● **TASK**:
The answer should consist of the full listing below, repeated exactly and free of pictures.

*** DATA BELOW Section Begins ***

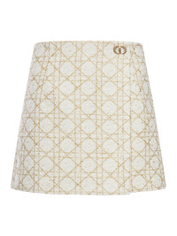 - Macrocannage culottes - Made of lightweight white wool blend tweed with gold metallic thread - Regular fit - Front panel fastened with a gold CD button - Color: White/Beige Made in Italy Composition: Polyamide 65% Polyamide 35% wool 21% Color code: 0891 FANTASIE BLANC 611P45A7898
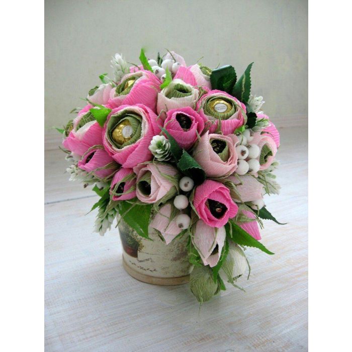 Вид конфет для букетов может быть выбран вами индивидуально, по согласованию с нашими sweet-дизайнерами, стоимость букета при этом может измениться.
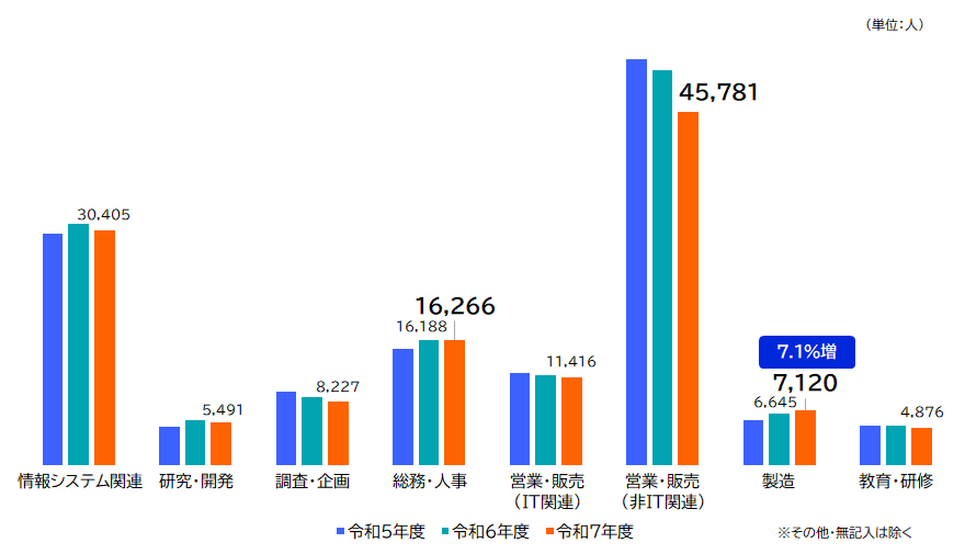 令和7年度の社会人応募者数を業務別にみると、「営業・販売(非IT関連)」が45,781人と最も多い結果となりました。また、前年度と比べると、「製造」は7,120人で7.1%増と最も高い増加率となりました(図5)。

*** DATA BELOW Section Ends ***

● **REPLY**:
 - Macrocannage culottes - Made of lightweight white wool blend tweed with gold metallic thread - Regular fit - Front panel fastened with a gold CD button - Color: White/Beige Made in Italy Composition: Polyamide 65% Polyamide 35% wool 21% Color code: 0891 FANTASIE BLANC 611P45A7898
 Вид конфет для букетов может быть выбран вами индивидуально, по согласованию с нашими sweet-дизайнерами, стоимость букета при этом может измениться.
 令和7年度の社会人応募者数を業務別にみると、「営業・販売(非IT関連)」が45,781人と最も多い結果となりました。また、前年度と比べると、「製造」は7,120人で7.1%増と最も高い増加率となりました(図5)。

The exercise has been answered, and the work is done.